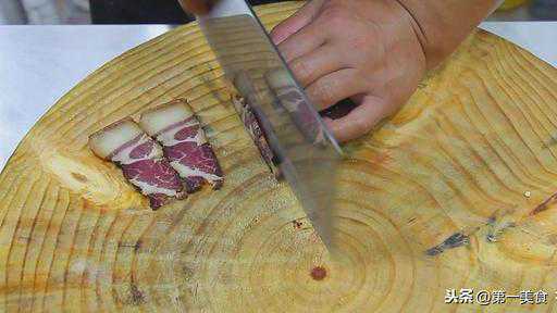 腊肉切成薄片放在盆里。
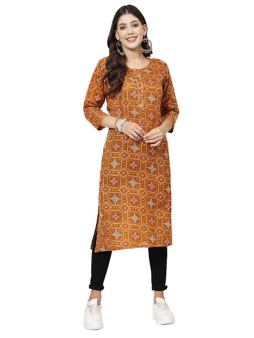 women round neck printed straight kurta
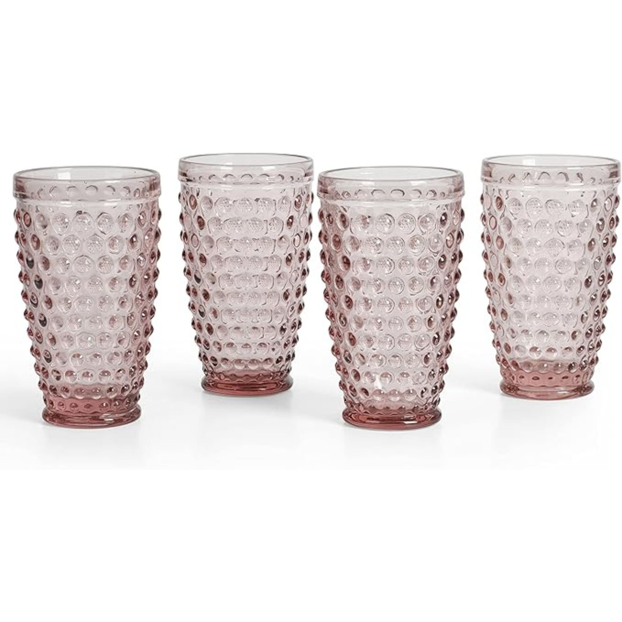 Love the goblets but want something a little more versatile? These pink tumblers come in the same hobnail glass finish and are perfect for everyday beverages.
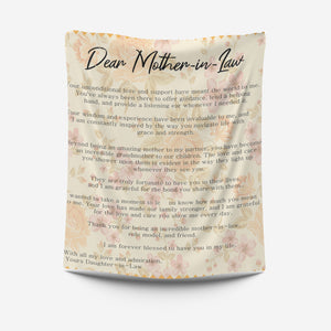A blanket for a mother-in-law is a thoughtful and meaningful gift designed to show appreciation and warmth towards your spouse's mother. It is a token of love and gratitude that aims to provide comfort and a sense of coziness.
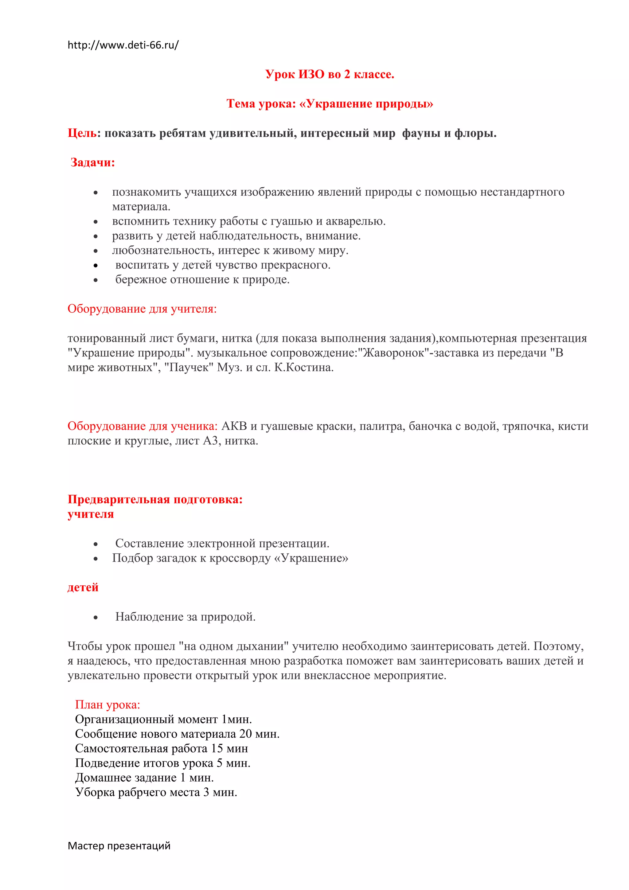 Документ представляет собой план урока изобразительного искусства для 2 класса на тему 'украшение природы'. Целью урока является знакомство учащихся с красотой природы и развитие их творческих навыков через использование нестандартных материалов. В ходе занятия предусмотрены различные активности, включая просмотр презентации, выполнение творческого задания и обсуждение результатов.
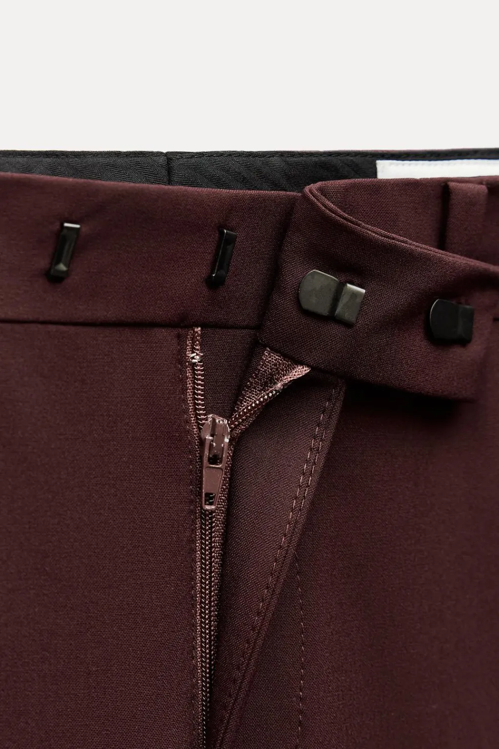 Pantalón de tiro medio y cintura con trabillas. Bolsillos laterales. Detalle de raya planchada en delantero. Cierre frontal con cremallera, botón y gancho metálico.

--

* WHAT THE EXERCISE ASKS
Please extract exactly the lines of the data, from the first through the line containing "Love the goblets", and add no pictures to the copy.

* ANSWER AREA
 腊肉切成薄片放在盆里。
 women round neck printed straight kurta
 Love the goblets but want something a little more versatile? These pink tumblers come in the same hobnail glass finish and are perfect for everyday beverages.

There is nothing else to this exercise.